I see and take that as a valid perspective. Not mine, but still perfectly valid. And I guess I can understand it as well. The movie "The Abyss" was really fantastic up until the last 5 minutes. Then it sucked. And I don't enjoy watching it. So Ok, I get it.

Still, the story as presented was written by an author (or authors) and should have the same validity and sanctity as any novel or story. The creator is entitled to their creative property. You may not like it. May not enjoy it. May hate it. Feel free.

But the point where some people think they "Own" it and can demand that it be changed to their perspective is just plain wrong in my book.

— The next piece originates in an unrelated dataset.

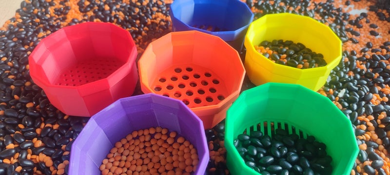 De zeefjesset bestaat uit vier verschillende zeefjes en twee bakjes. Ze zijn te gebruiken in de sensorische speelbakken met rijst, bonen, zaden of water. Ook maken ze gave afdrukken in kinetisch zand en klei. De twee bakjes hebben aan de onderkant een patroon, zodat je mooie afdrukken kunt maken. De zeefjesset is voorzien van een CE-keurmerk. Tijdens het Creatief speeluurtje en bij ons thuis, wordt er met de zeefjesset enthousiast gespeeld. De set kost €22,50, exclusief verzendkosten. De set kan opgehaald worden in Lent (Nijmegen) en het kan worden verstuurd via DHL naar je huis (€6,45) of een pakketpunt (€5,45). Als je interesse hebt kun je mailen naar info@latenwespelen.com.

And no, the fact that it is an interactive experience in a video game doesn't invalidate the analogy with a book. It is still a creative work of fiction written with the intent to (sucess or fail) entertain. And as such should be accorded all the rights of any creative work.

I agree, just because you played the game for a long time doesn't mean you get to force it to be changed. You are playing the developers story and fiction and only slightly altering it.

This is the same as people who get emotionally invested in movies and then get upset when they don't end they way they think they should.

Star Wars is a huge example of this. People emotionally invested over years and even decades of their lives. New movies come out and everyone gets upset at how bad they are and wishes they were better. But that doesn't give them the right to DEMAND Lucas go an re-film them. I mean they can cry all they want, but you shouldn't expect it to be changed, and no director/writer/developer should ever acquiesce to fan complaints. Sure it's a shit story, but it's his story, not yours. Works the same with ME3.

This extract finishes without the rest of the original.